◆ **EXERCISE INSTRUCTIONS**: Print the whole listing again exactly, keeping no pictures in it.

◆ **SOURCE DATA**:
--------------------------------------------------

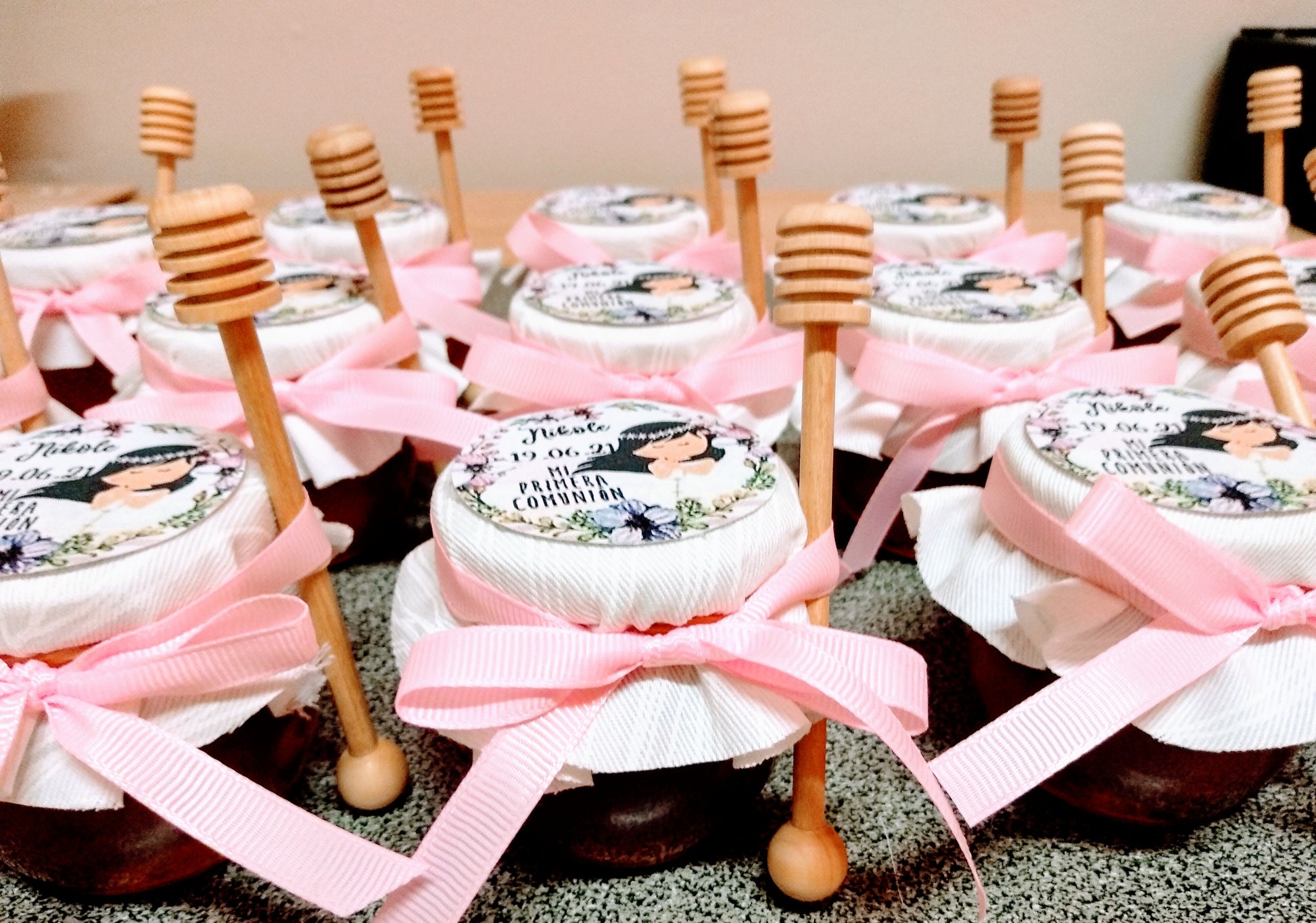 Miel artesana hecha de forma tradicional de mil flores. Tarro de cristal con tela, lazo y pegatina personalizada. Cuchara de madera opcional.
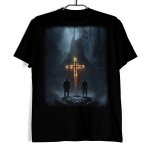 Koszulka męska w kolorze czarnym ze wzorem przedstawiającym płonący przez ludzi krzyż na tle gór.
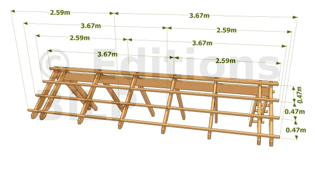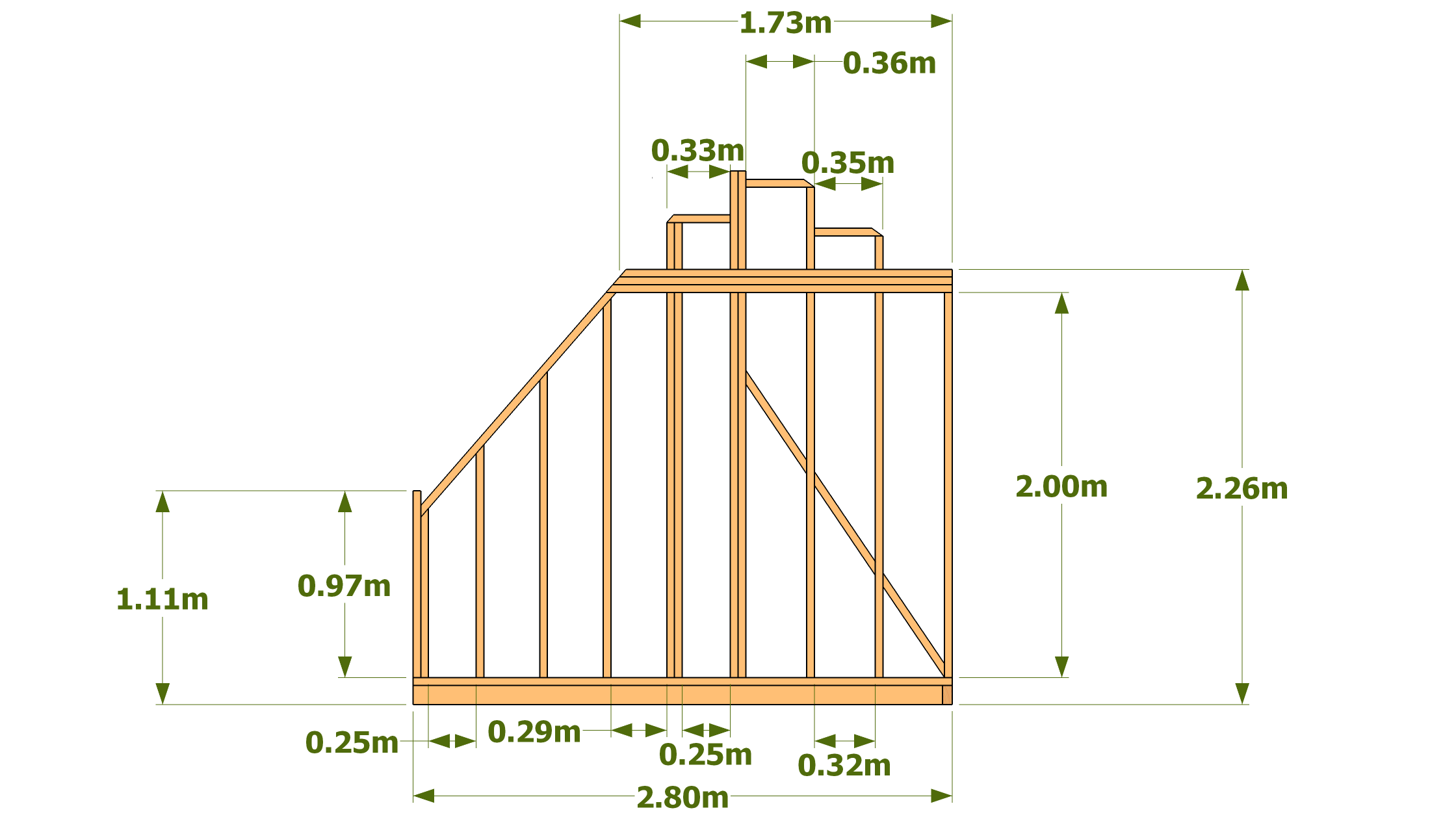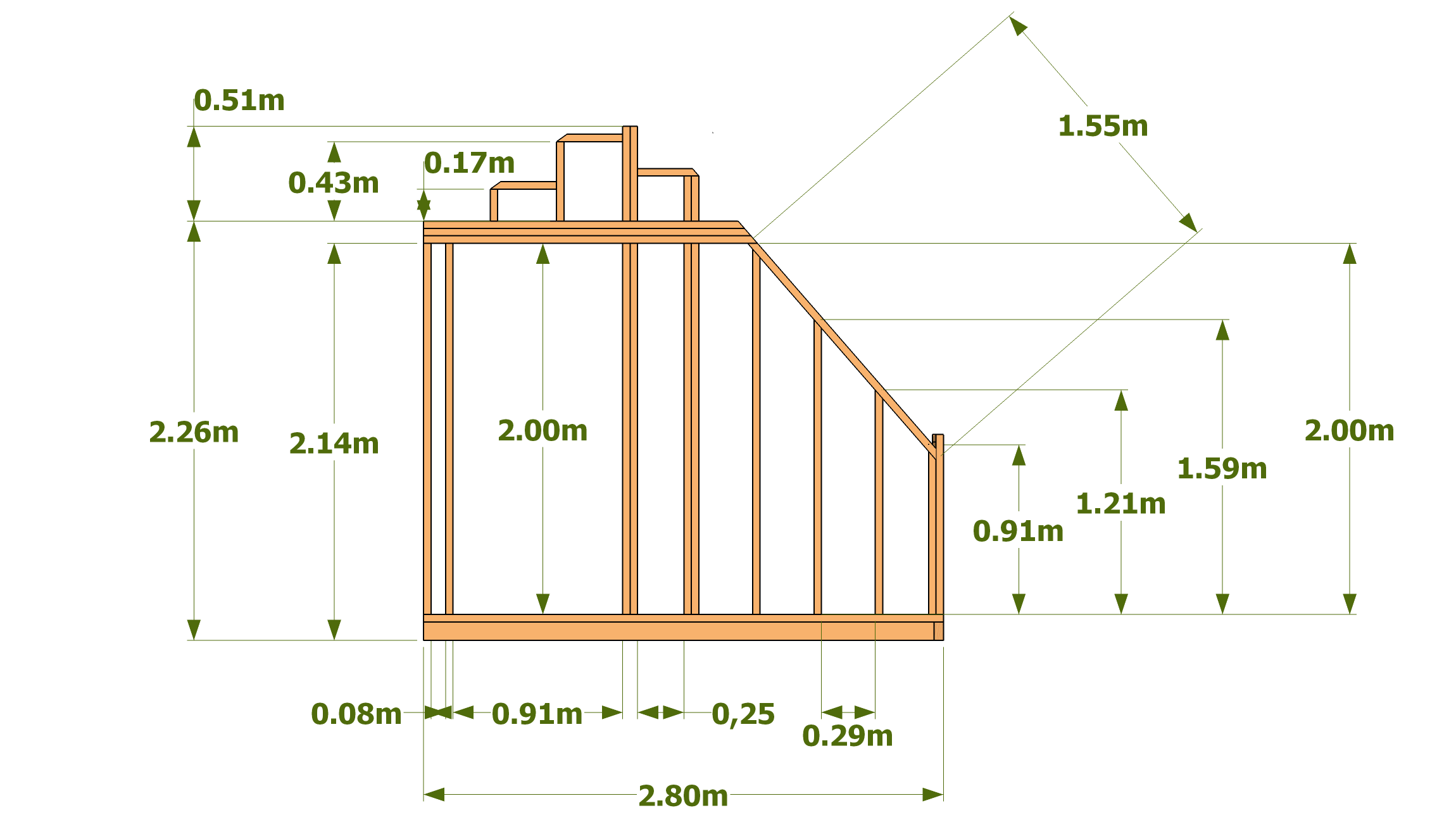 A partir des dimensions générales, cette page liste les éléments constituants votre cabane ainsi que leur dimension.

--------------------------------------------------

◆ **WRITTEN ANSWER**:
 Miel artesana hecha de forma tradicional de mil flores. Tarro de cristal con tela, lazo y pegatina personalizada. Cuchara de madera opcional.
 Koszulka męska w kolorze czarnym ze wzorem przedstawiającym płonący przez ludzi krzyż na tle gór.
 A partir des dimensions générales, cette page liste les éléments constituants votre cabane ainsi que leur dimension.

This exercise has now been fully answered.